Start of SOURCE INFORMATION

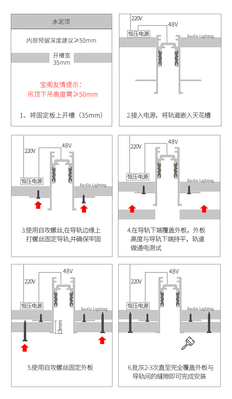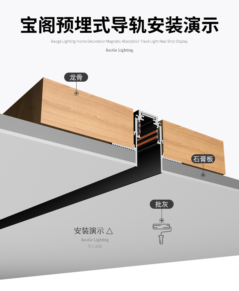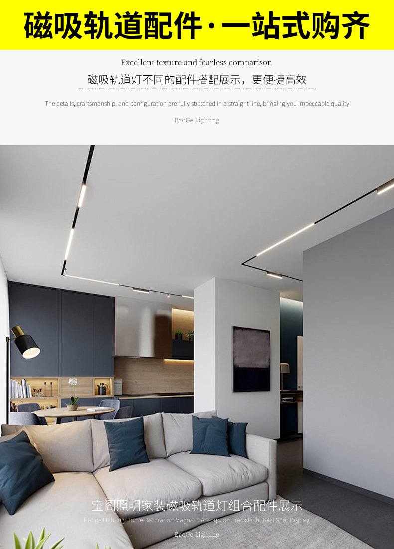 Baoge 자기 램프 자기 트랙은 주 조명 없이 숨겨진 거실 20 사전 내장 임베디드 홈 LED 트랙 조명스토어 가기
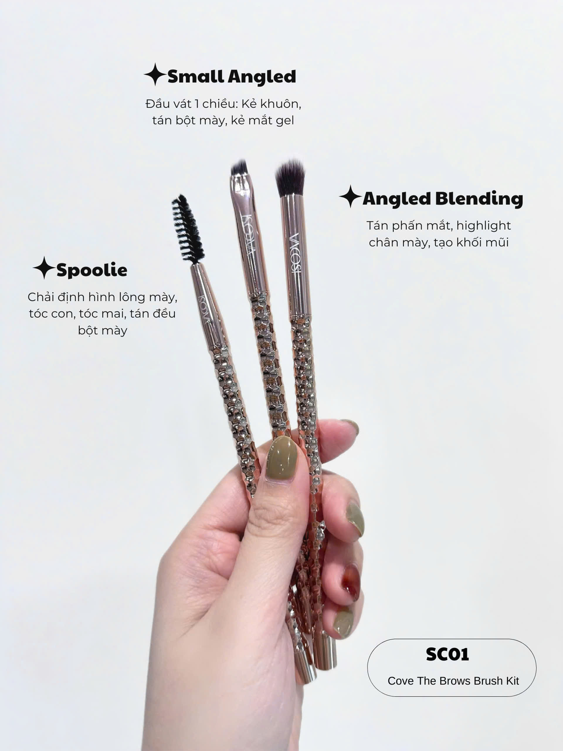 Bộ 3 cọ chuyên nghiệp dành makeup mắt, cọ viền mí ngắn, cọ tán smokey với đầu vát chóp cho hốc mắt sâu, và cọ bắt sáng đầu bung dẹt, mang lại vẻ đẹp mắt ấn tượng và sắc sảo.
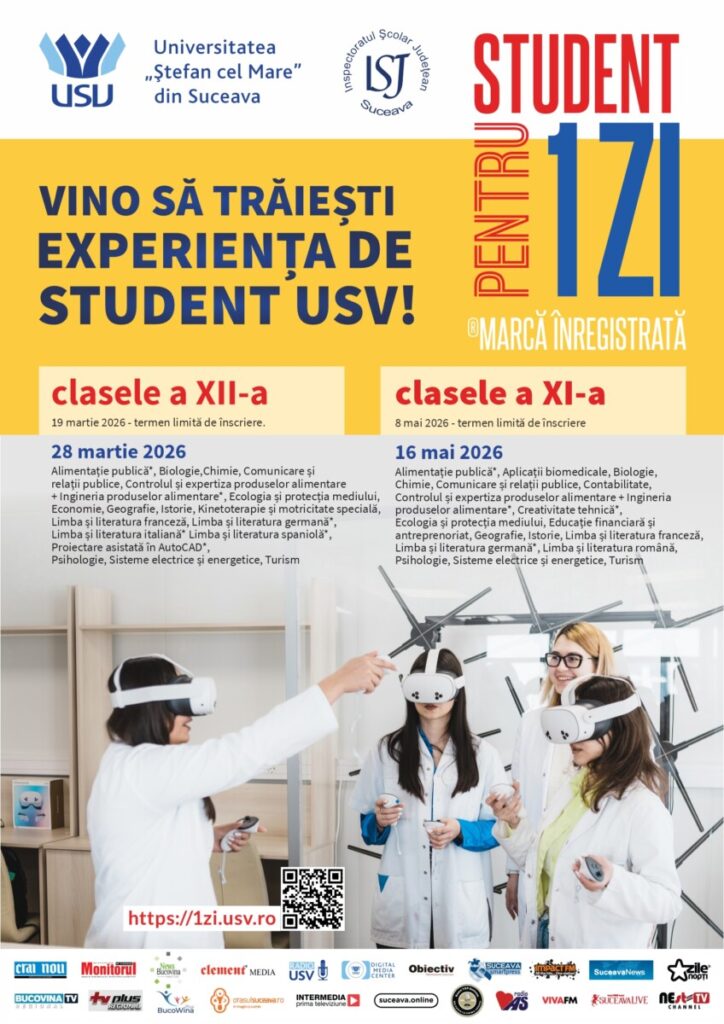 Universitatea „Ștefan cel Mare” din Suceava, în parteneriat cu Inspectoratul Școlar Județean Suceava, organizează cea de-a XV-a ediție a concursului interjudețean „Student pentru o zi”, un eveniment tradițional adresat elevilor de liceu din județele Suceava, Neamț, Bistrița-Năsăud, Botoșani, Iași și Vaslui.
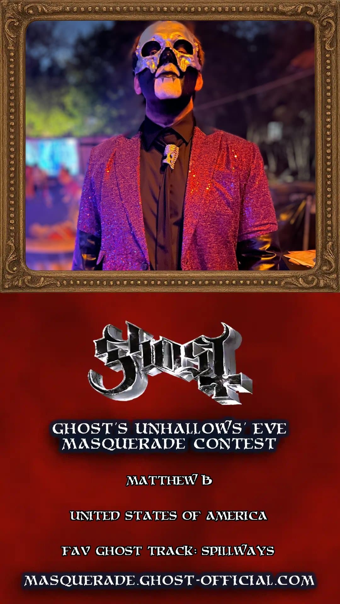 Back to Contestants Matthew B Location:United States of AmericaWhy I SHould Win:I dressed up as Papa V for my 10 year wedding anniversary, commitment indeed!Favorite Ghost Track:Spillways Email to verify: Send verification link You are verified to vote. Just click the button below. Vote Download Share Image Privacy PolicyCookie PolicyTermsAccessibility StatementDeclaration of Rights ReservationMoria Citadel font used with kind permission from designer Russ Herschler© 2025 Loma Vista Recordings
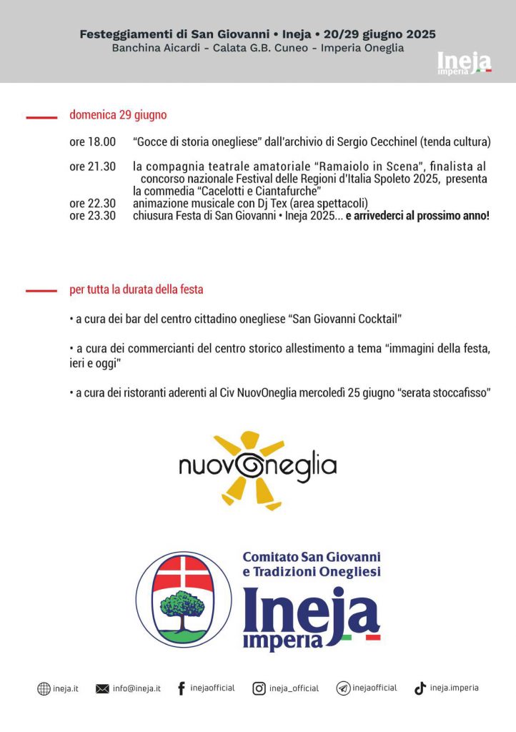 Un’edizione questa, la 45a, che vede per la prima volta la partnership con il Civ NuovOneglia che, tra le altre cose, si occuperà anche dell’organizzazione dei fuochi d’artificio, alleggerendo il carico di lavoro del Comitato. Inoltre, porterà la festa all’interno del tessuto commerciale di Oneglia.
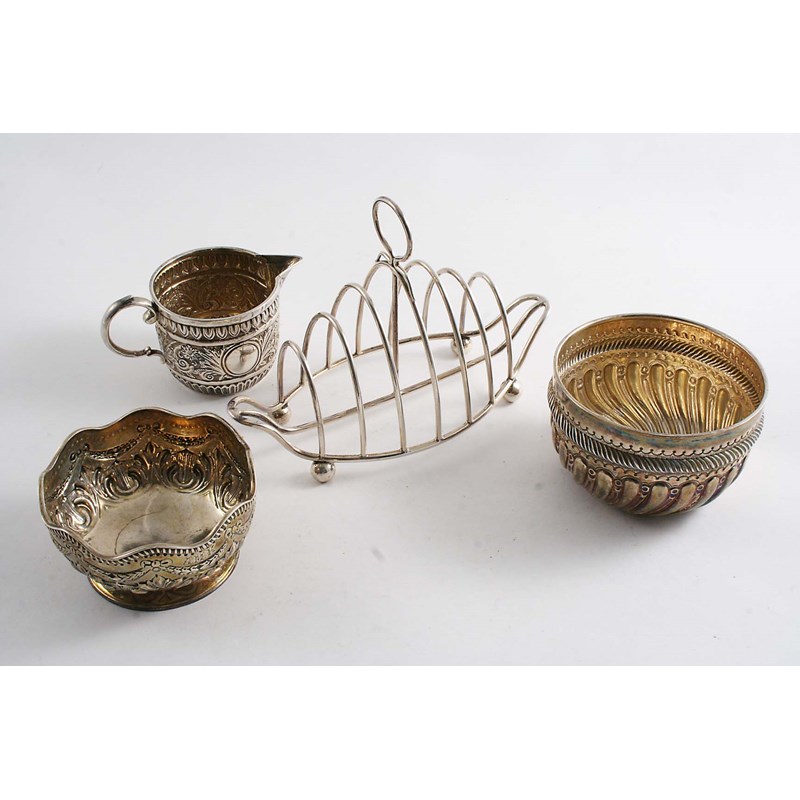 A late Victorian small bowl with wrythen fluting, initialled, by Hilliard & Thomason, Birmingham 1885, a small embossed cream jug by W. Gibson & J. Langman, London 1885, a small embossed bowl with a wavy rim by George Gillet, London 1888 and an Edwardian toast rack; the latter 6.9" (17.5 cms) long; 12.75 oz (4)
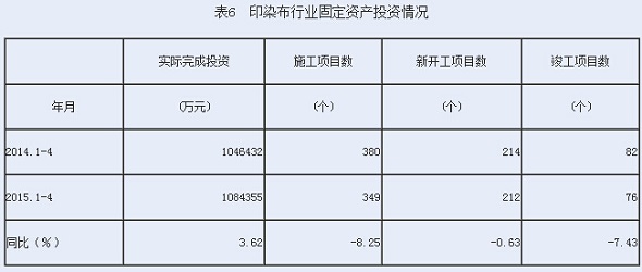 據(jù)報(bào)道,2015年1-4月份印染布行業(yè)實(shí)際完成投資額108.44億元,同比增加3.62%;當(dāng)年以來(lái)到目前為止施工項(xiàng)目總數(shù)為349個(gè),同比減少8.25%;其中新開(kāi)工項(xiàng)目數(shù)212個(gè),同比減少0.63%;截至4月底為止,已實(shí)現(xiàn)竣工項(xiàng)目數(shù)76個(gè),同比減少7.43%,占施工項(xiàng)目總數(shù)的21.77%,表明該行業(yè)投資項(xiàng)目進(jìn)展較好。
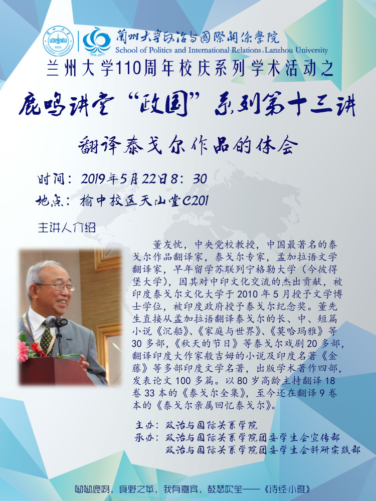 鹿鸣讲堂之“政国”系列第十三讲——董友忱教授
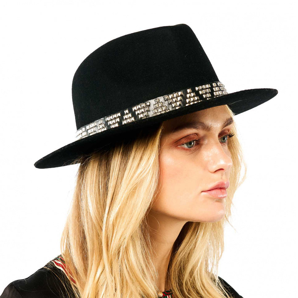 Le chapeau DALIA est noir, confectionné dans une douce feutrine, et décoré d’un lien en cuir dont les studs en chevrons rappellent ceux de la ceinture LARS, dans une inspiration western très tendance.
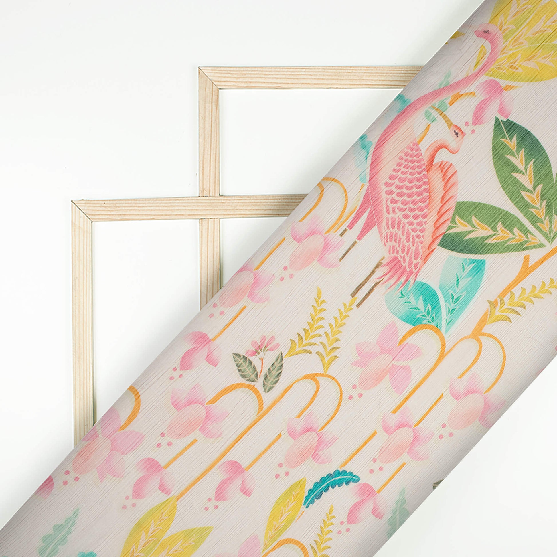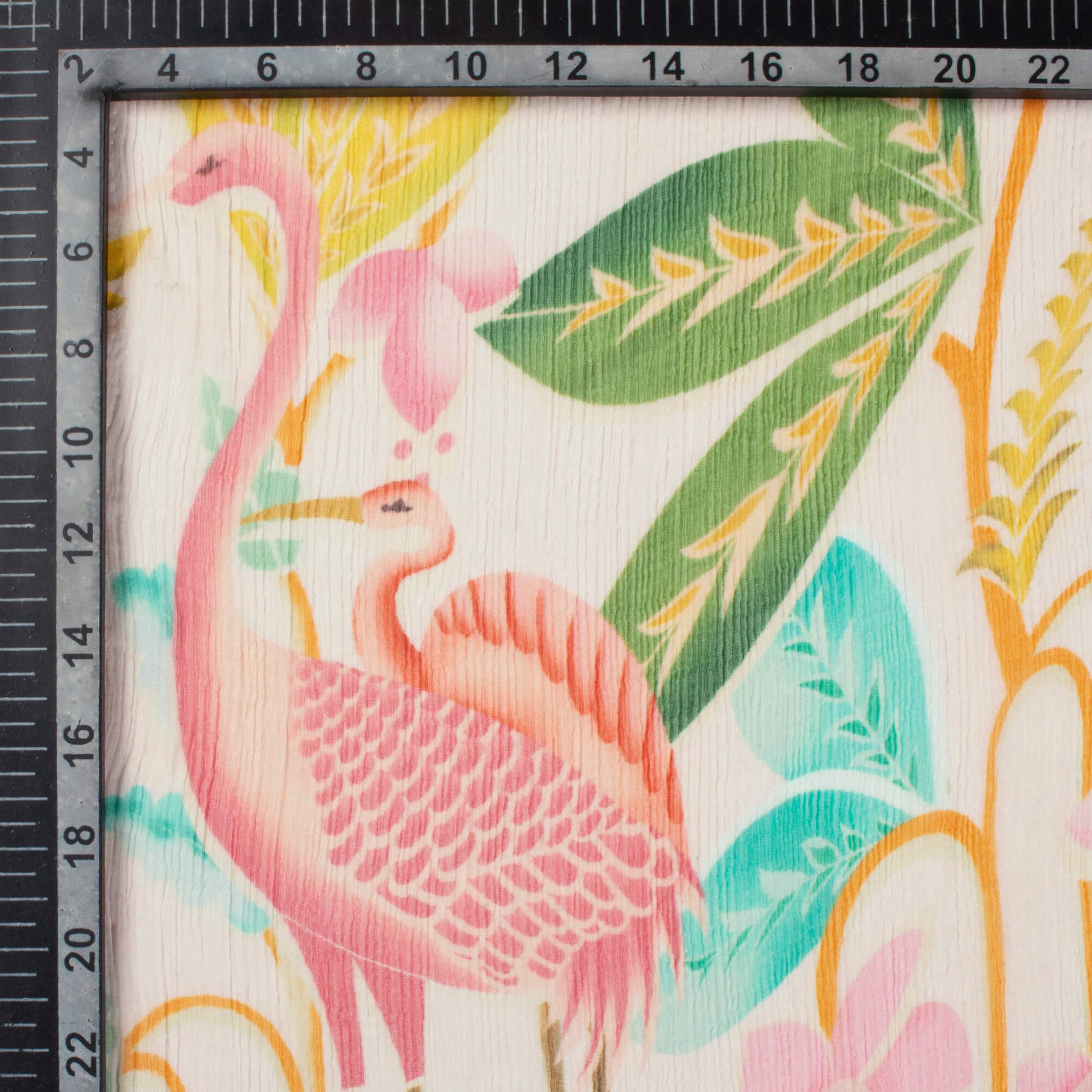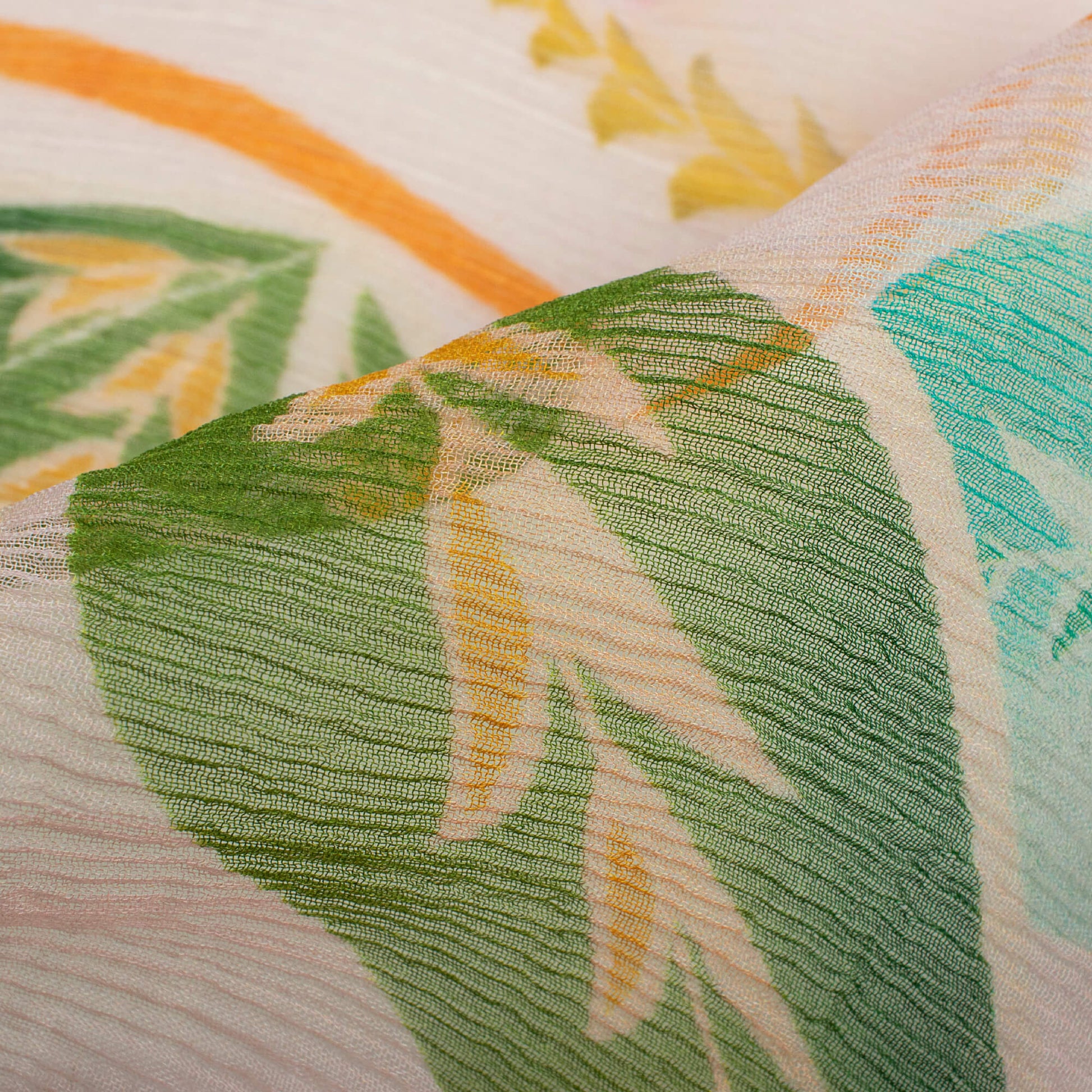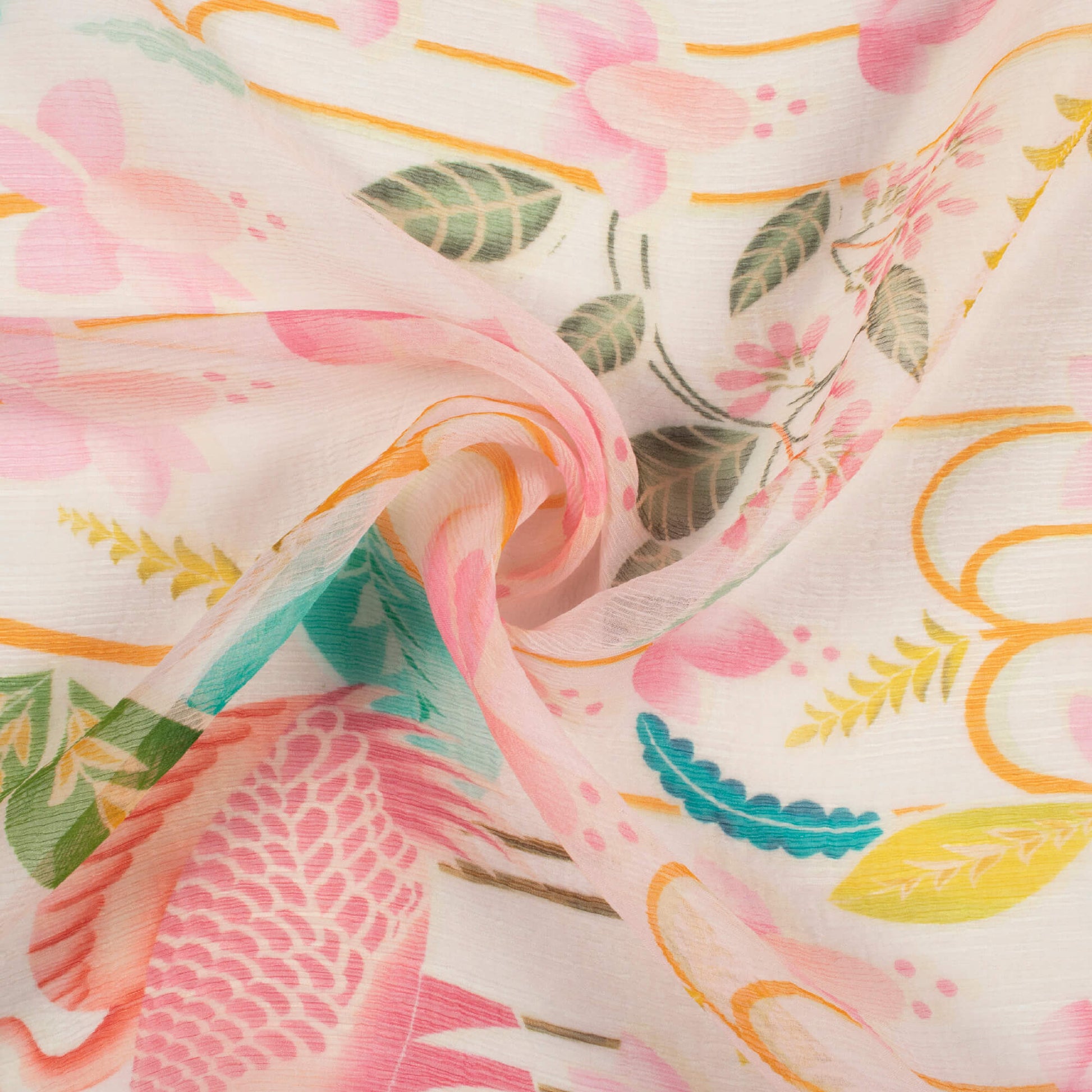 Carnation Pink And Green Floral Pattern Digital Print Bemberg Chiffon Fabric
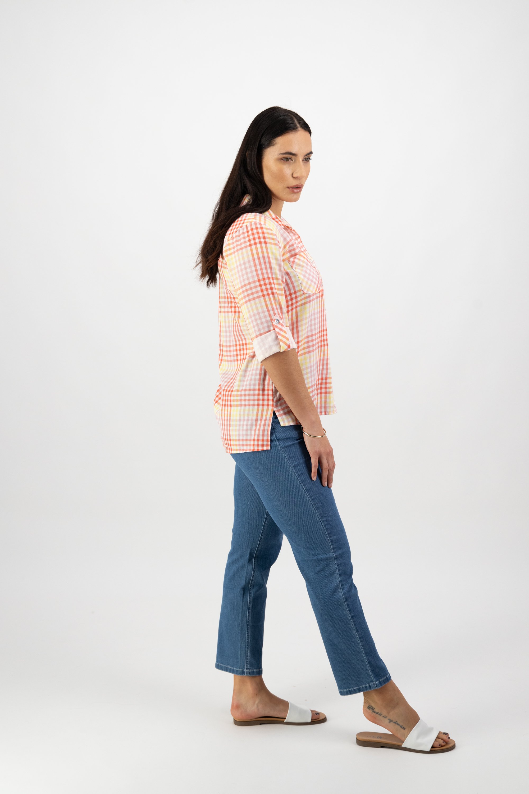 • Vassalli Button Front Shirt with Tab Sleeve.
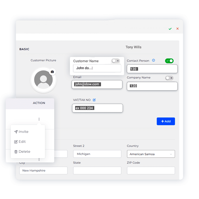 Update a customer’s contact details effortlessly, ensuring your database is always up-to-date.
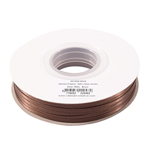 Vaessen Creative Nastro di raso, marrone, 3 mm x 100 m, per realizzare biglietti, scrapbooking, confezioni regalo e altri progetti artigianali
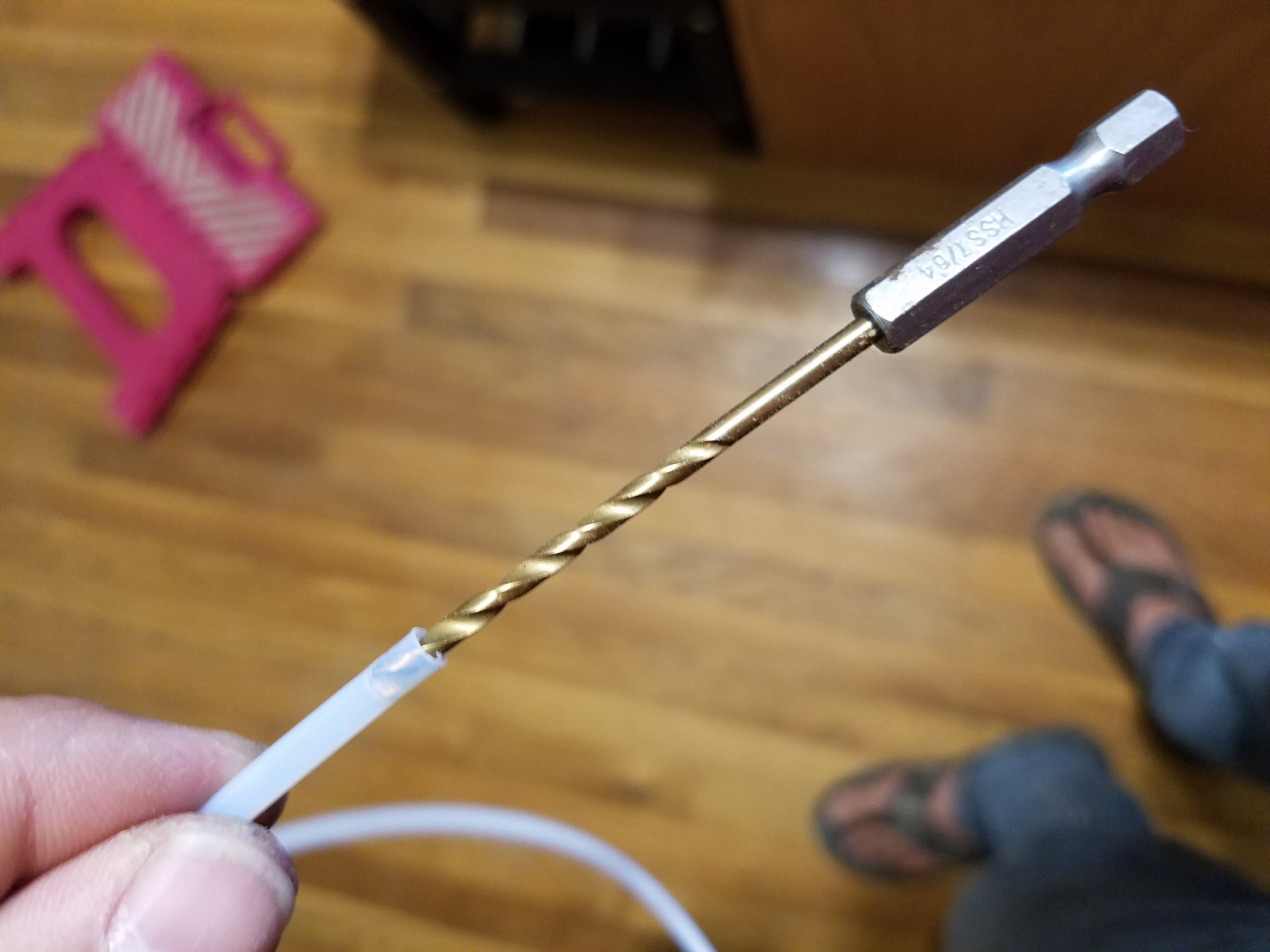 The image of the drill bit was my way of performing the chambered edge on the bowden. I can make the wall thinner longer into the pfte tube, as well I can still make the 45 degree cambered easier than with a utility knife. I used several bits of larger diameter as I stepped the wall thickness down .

End of SOURCE INFORMATION

▶ [PROBLEM DESCRIPTION] Output, line for line and exactly, the records above from their first line through the one with "A late Victorian", both ends included, but no pictures.

▶ [EXERCISE ANSWER]
 Baoge 자기 램프 자기 트랙은 주 조명 없이 숨겨진 거실 20 사전 내장 임베디드 홈 LED 트랙 조명스토어 가기
 Bộ 3 cọ chuyên nghiệp dành makeup mắt, cọ viền mí ngắn, cọ tán smokey với đầu vát chóp cho hốc mắt sâu, và cọ bắt sáng đầu bung dẹt, mang lại vẻ đẹp mắt ấn tượng và sắc sảo.
 Universitatea „Ștefan cel Mare” din Suceava, în parteneriat cu Inspectoratul Școlar Județean Suceava, organizează cea de-a XV-a ediție a concursului interjudețean „Student pentru o zi”, un eveniment tradițional adresat elevilor de liceu din județele Suceava, Neamț, Bistrița-Năsăud, Botoșani, Iași și Vaslui.
 Back to Contestants Matthew B Location:United States of AmericaWhy I SHould Win:I dressed up as Papa V for my 10 year wedding anniversary, commitment indeed!Favorite Ghost Track:Spillways Email to verify: Send verification link You are verified to vote. Just click the button below. Vote Download Share Image Privacy PolicyCookie PolicyTermsAccessibility StatementDeclaration of Rights ReservationMoria Citadel font used with kind permission from designer Russ Herschler© 2025 Loma Vista Recordings
 Un’edizione questa, la 45a, che vede per la prima volta la partnership con il Civ NuovOneglia che, tra le altre cose, si occuperà anche dell’organizzazione dei fuochi d’artificio, alleggerendo il carico di lavoro del Comitato. Inoltre, porterà la festa all’interno del tessuto commerciale di Oneglia.
 A late Victorian small bowl with wrythen fluting, initialled, by Hilliard & Thomason, Birmingham 1885, a small embossed cream jug by W. Gibson & J. Langman, London 1885, a small embossed bowl with a wavy rim by George Gillet, London 1888 and an Edwardian toast rack; the latter 6.9" (17.5 cms) long; 12.75 oz (4)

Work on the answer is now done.